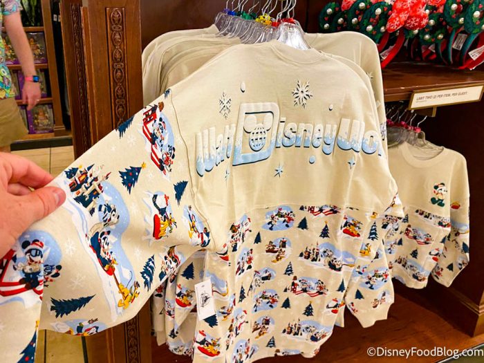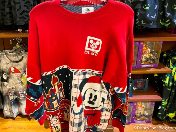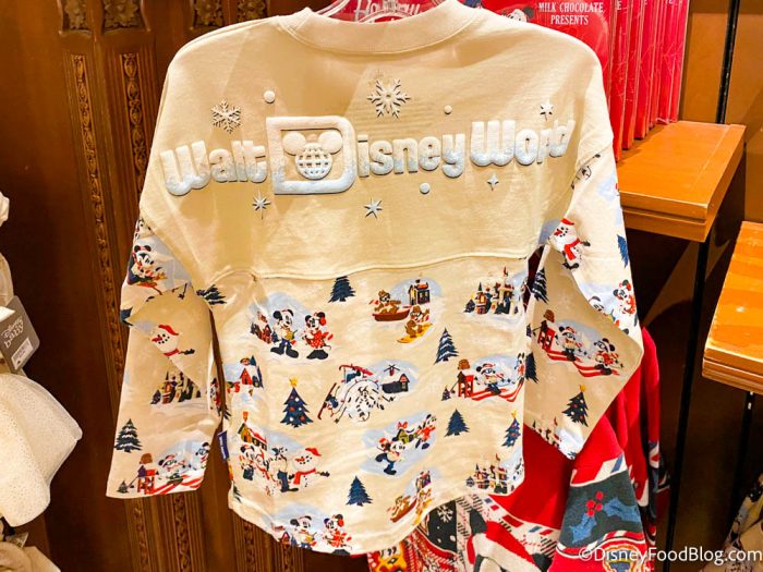 You can get a similar red holiday spirit jersey online for the same price. The main difference is that the one online says “Seasons Greetings” on the back instead of “Walt Disney World.”
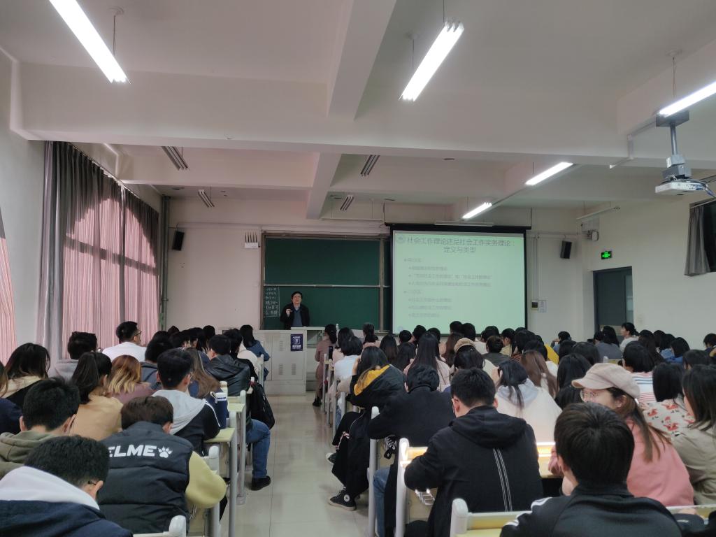 11月22日上午,人文与外国语学院在嘉陵江路校区主教学楼B233举行第66期新论语讲坛科研讲座,此次讲座由我校客座教授、山东大学哲学与社会发展学院博士生导师、系主任、教育部高等学校社会学类专业指导委员会委员高鉴国教授主讲,题为“社会工作实务理论的属性与特征”,讲座有社会工作专业教研室主任刘世颖主持,学院师生百余人参加了此次讲座。
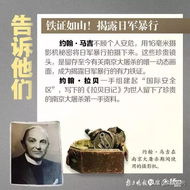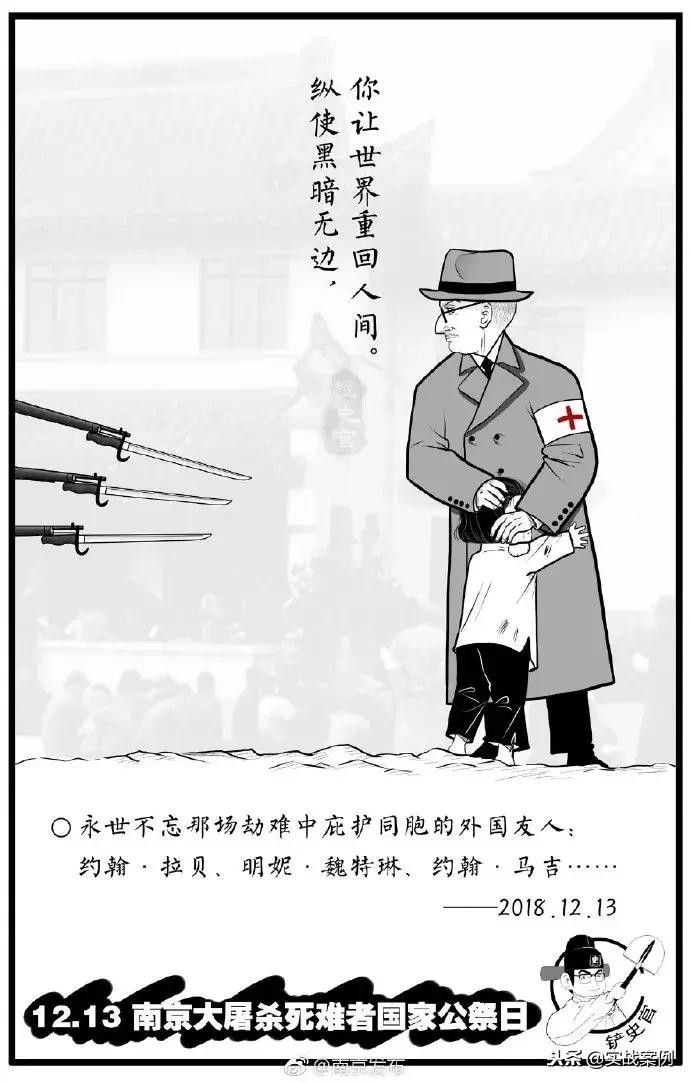 这张漫画海报很有涵义,三把锋锐刺刀指向相互拥抱的一老一少,这不仅纪念第五个南京大屠杀死难者国家公祭日,更是表达对当初在劫难中包庇同胞的外国人的纪念与尊敬。
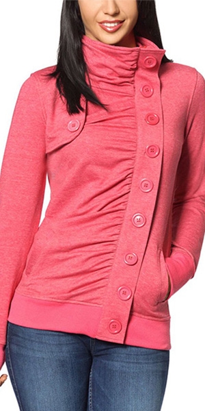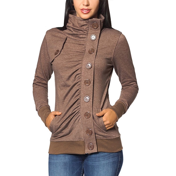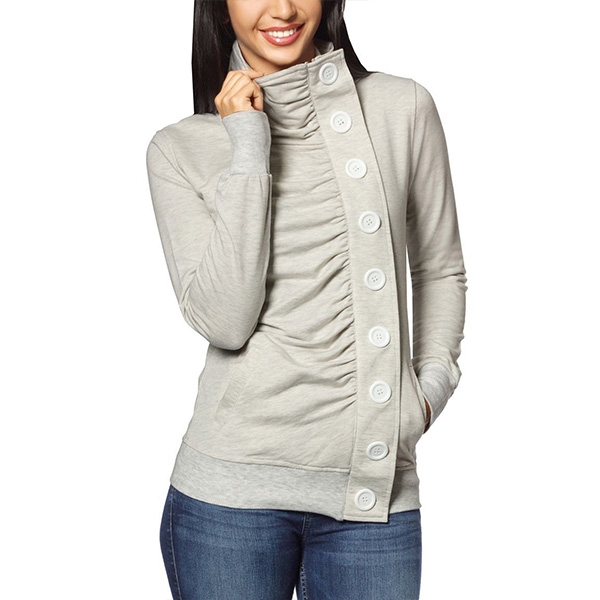 Fashion Solid Color Long Sleeve Stand Collar Single-breasted Sweatshirt
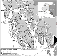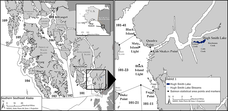Hugh Smith Lake, in Boca de Quadra Inlet, has been an important contributor to southern Southeast Alaska commercial fisheries for over a century. The Alaska Department of Fish and Game (ADF&G) has monitored adult salmon escapements through a weir at the outlet of Hugh Smith Lake from 1967 to 1971 and annually since 1980. In addition, smolt outmigration has been observed at a spring smolt weir operated annually since 1982. These population studies provide the longest time series of escapement and age, sex, and length information for sockeye and coho salmon in southern Southeast Alaska. Data collected on coho salmon allow this population to serve as an indicator stock used to evaluate existing biological escapement goals, monitor status, and estimate harvest and marine survival. Additionally, coho salmon fry have been implanted with half-length coded wire tags (CWTs) annually since 1997, which improves aging accuracy by establishing a known-age standard within each cohort. This project, along with the related Berners River coho salmon project, are the only known-age coho salmon projects in Alaska. In 2003, an optimal escapement goal of 8,000–18,000 sockeye salmon was set based on the escapement goal analysis outlined in Geiger et al. (2003). Shortly thereafter, in 2009 the current coho salmon biological escapement goal of 500–1,600 coho salmon was established, updating the previous escapement goal range.
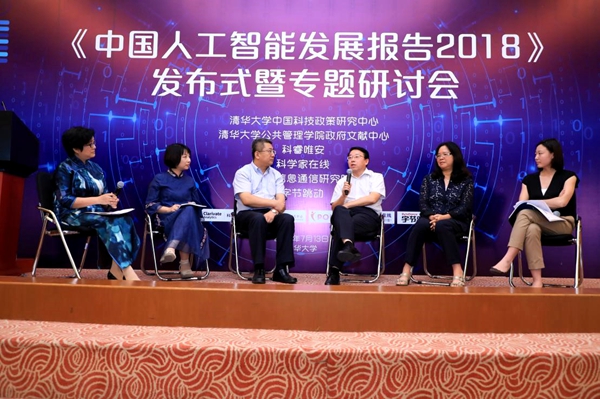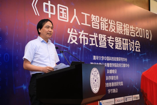 薛澜在介绍《中国人工智能发展报告2018》时表示,报告的视角既立足于现状,又放眼于未来;报告是对中国人工智能发展做的系统分析,也有国际的数据作比较;报告使用的数据是一手的,具有很高的可靠性。薛澜介绍了人工智能在中国发展的基本情况,包括科技产出、人才投入、论文总量、高被引论文数量、专利数量、人工智能人才总量、产业发展、应用前景等方面内容。
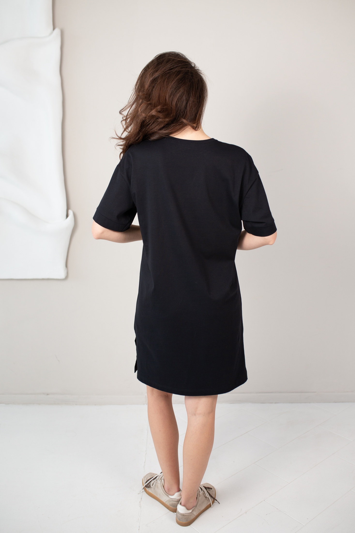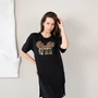 Черная туника свободного кроя изготовлена из легкого и приятного к телу материала. На груди выделяется стильный принт с изображением объемных золотистых очков и надписью "Never too old for dream", который добавляет образу индивидуальности и современного настроения. Модель выполнена с округлым вырезом и короткими рукавами, что обеспечивают комфорт и свободу движений. Универсальная длина делает эту тунику отличным выбором для повседневных образов.
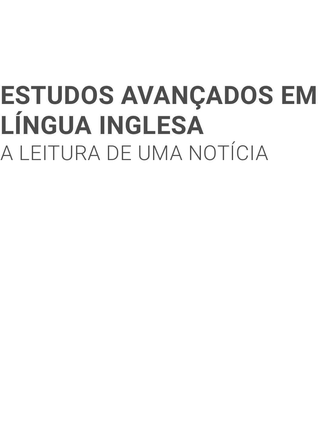 Introdução Olá, estudante! Neste material, vamos falar sobre o principal gênero de texto jornalístico, a notícia, analisando duas notícias em inglês. Você aprenderá estratégias de leitura que o ajudarão em qualquer material, terá acesso a um roteiro de leitura para aprender inglês com os mais diversos textos, conhecerá a estrutura da notícia e estudará dois pontos ESTUDOS AVANÇADOS EMESTUDOS AVANÇADOS EM LÍNGUA INGLESALÍNGUA INGLESA A LEITURA DE UMA NOTÍCIAA LEITURA DE UMA NOTÍCIA Au to r ( a ) : D o u g l a s Z a m p a r R ev i s o r ( a ) : M aya ra C a r ro b re z Tempo de leitura do conteúdo estimado em 58 minutos. gramaticais: reported speech e frases complexas. Todo esse estudo o ajudará a compreender mais sobre um gênero textual bastante relevante no nosso cotidiano, além de equipá-lo para ler melhor textos em língua inglesa, desenvolvendo, com isso, seu domínio da língua. Vamos começar? Um abraço e bons estudos! Ler é uma atividade que faz parte de nosso cotidiano, que parece tão natural e simples que acabamos não dando a devida importância. Em inglês, usamos a expressão “ take something for granted ” quando queremos dizer que não pensamos em algo porque acreditamos que é natural, que estará sempre ali, do mesmo jeito. We take reading for granted . Tudo isso muda quando começamos a nos dedicar a uma língua estrangeira, não é mesmo? Nesse momento, ler deixa de ser natural e passa a exigir muito mais de nós. E é nesse momento que algumas estratégias podem nos ajudar. O que acha de conhecer algumas? É o que faremos a seguir. Os Envolvidos no Processo de Leitura de Um Texto Estratégias de Leitura Antes das estratégias, há um ponto inicial: você precisa pensar nos sujeitos que participam do processo . Você deve se perguntar qual a posição social ocupada pela pessoa que escreve e pela pessoa que lê. Por exemplo, neste momento, você está lendo na posição de aluno, e quando este texto foi escrito, isso foi feito na posição de professor. Sobre este ponto, Lapkoski (2012) traz uma re�exão relevante sobre a relação leitor- texto. A autora lembra que, nessa relação, não há plena compreensão entre autor e leitor, ou seja, não é possível entender exatamente o que o autor quis dizer. To get into someone's mind signi�ca, traduzindo ao pé da letra, “entrar na cabeça de alguém”, ou seja, saber exatamente o que o outro está pensando. Porém, não somos capazes de saber exatamente o que alguém pensou quando escreveu. We can’t get into someone’s mind . Bom, você pode estar se perguntando: mas, se eu não entender o que o escritor quis dizer, por que lerei? Ora, não é porque você não vai entender o que se quis dizer que não pode entender o que foi dito. Em outras palavras, o objetivo da leitura não é compreender o que o autor quis dizer, mas sim interpretar o texto , considerando o que está escrito, quem são os envolvidos (posição social dos sujeitos), o contexto e outros fatores. A maioria das pessoas não pensa sobre isso enquanto lê. Entretanto, pro�ssionais da linguagem, como professores e revisores, precisam praticar essa re�exão. Isso se dá porque, em primeiro lugar, esse processo ajuda o leitor a ler melhor, portanto, a interpretar melhor. Além disso, a preocupação com os elementos que cercam e atravessam um texto precisa ser ensinada, logo, deve �car clara e deve ser praticada por quem assumirá o papel de ministrar aulas. Estratégias de Leitura Depois dessa re�exão inicial, vamos conhecer cinco estratégias de leitura, conforme explicadas por Lapkoski (2012): inferência, predição, previsão, skimming e scanning . Primeiro, estude o elemento a seguir, construído a partir de Lapkoski (2012). Na sequência, vamos exempli�car cada uma das estratégias. Predição Previsão Inferência Skimming Scanning Agora que você já tem uma noção inicial sobre as estratégias de leitura, vamos aprofundar o entendimento, utilizando um texto como exemplo. Trata-se de uma notícia �ccional escrita por mim. Em primeiro lugar, você deve imaginar que se trata de uma notícia escrita por um jornalista que você não conhece, porém, publicada em um jornal sério. Você chegou até ela por meio de um post no Instagram, feito por uma médica veterinária que atende seu animal de estimação. Percebe que esse conjunto de informações te ajuda a ler o texto e faz com que a produção de sentido comece antes mesmo da leitura em si? O contexto faz com que você ative todo o seu conhecimento sobre animais e já inicie a leitura com alguma ideia do assunto que será tratado. É o uso da estratégia de predição . Muitas vezes, ela é inconsciente, porém, bons leitores param, por um momento, para re�etir sobre o contexto antes de iniciarem a leitura. A próxima estratégia que você pode utilizar é a previsão . No caso da notícia, que é um texto curto, você deve observar o título e a imagem. Imaginemos que, do título, você não conhece apenas a palavra pet . Pois bem, ao observar o título e a imagem, você poderá entender, mesmo sem saber que pet signi�ca “animal de estimação”, que a notícia informa os benefícios de ter um animal desses em casa. E mais, você pode imaginar que a pessoa da foto é um pro�ssional de saúde (sem ter certeza de que é um veterinário ou um pro�ssional que lida com seres humanos). Independente desses detalhes, você consegue imaginar que se trata de benefícios relacionados à saúde. Isso te ajuda a começar a entender o texto e ativa conhecimentos (inclusive linguísticos, como vocabulário) sobre o tema, o que torna mais fácil estabelecer conexões entre o que você sabe e o que está lendo. Vamos para o próximo passo? Leia o texto uma vez, com atenção, porém sem se preocupar em entender tudo. Na sequência, vou explicar como utilizar as demais estratégias, e você poderá voltar ao texto para testá-las. Utilizar conhecimen
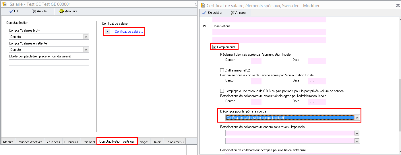 1. Indiquer au menu Salaires, Salariés, onglet Comptabilisation / Certificat, Certificat de salaire…, Compléments dans la partie Décompte pour l’impôt à la source que le certificat de salaire est utilisé comme justificatif pour tous les salariés concernés.
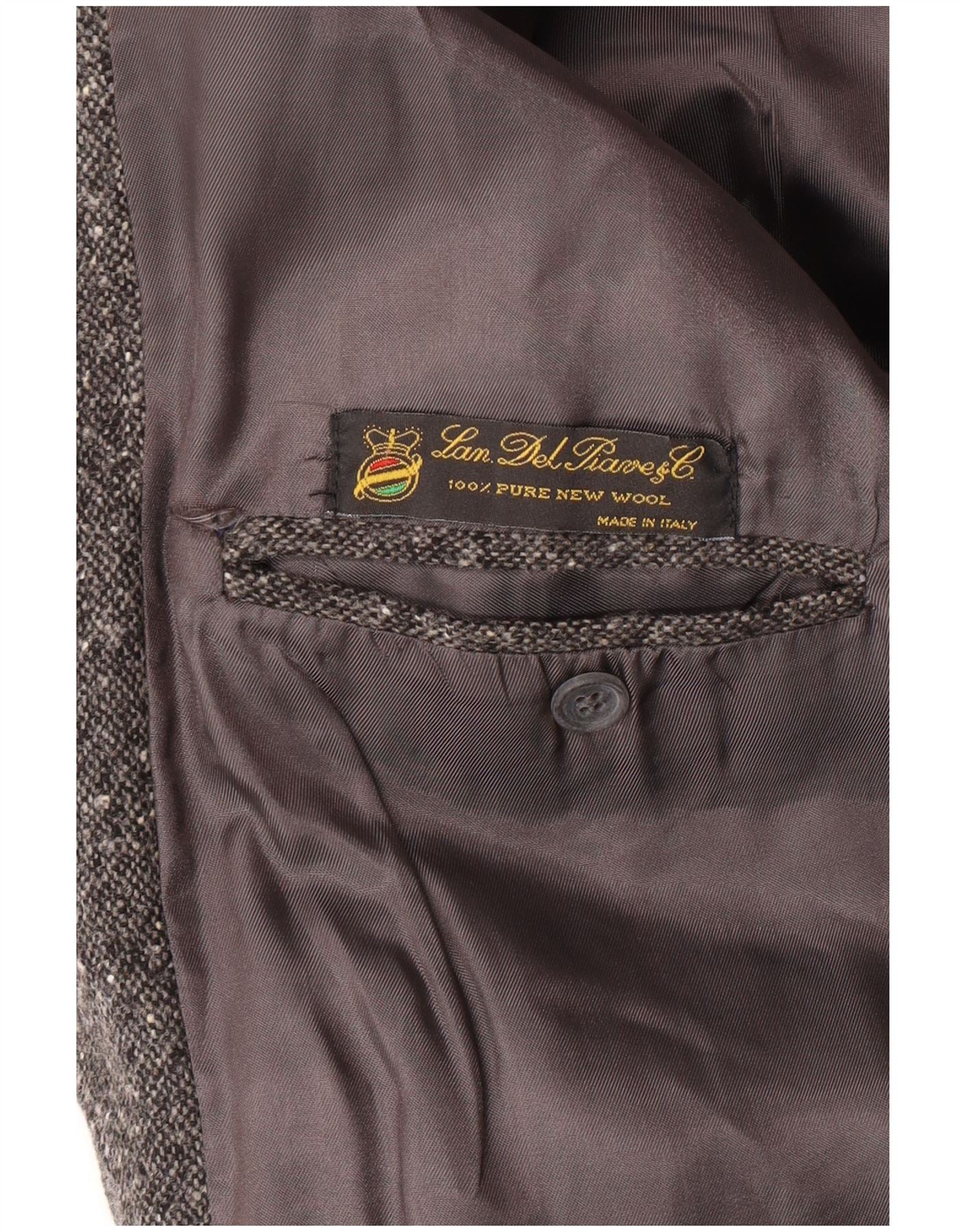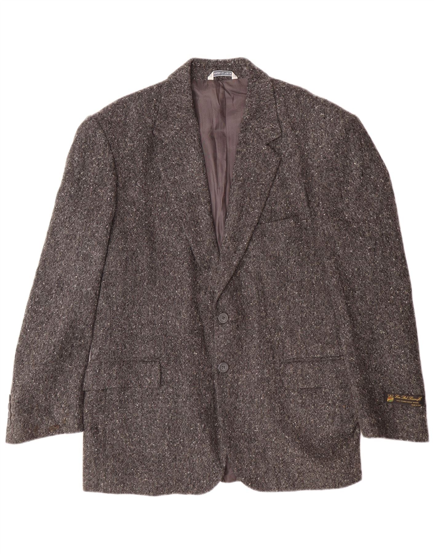 Giacca blazer da uomo a 2 bottoni VINTAGE UK 40 grande lana vergine chiazzata grigia

☆ ☆ ☆ ☆ ☆

Problem requirements: Repeat the lines of the listing above verbatim, beginning at its first line and ending at the line containing "Fashion Solid Color", which is included. Omit pictures.

Exercise output:
 You can get a similar red holiday spirit jersey online for the same price. The main difference is that the one online says “Seasons Greetings” on the back instead of “Walt Disney World.”
 11月22日上午,人文与外国语学院在嘉陵江路校区主教学楼B233举行第66期新论语讲坛科研讲座,此次讲座由我校客座教授、山东大学哲学与社会发展学院博士生导师、系主任、教育部高等学校社会学类专业指导委员会委员高鉴国教授主讲,题为“社会工作实务理论的属性与特征”,讲座有社会工作专业教研室主任刘世颖主持,学院师生百余人参加了此次讲座。
 这张漫画海报很有涵义,三把锋锐刺刀指向相互拥抱的一老一少,这不仅纪念第五个南京大屠杀死难者国家公祭日,更是表达对当初在劫难中包庇同胞的外国人的纪念与尊敬。
 Fashion Solid Color Long Sleeve Stand Collar Single-breasted Sweatshirt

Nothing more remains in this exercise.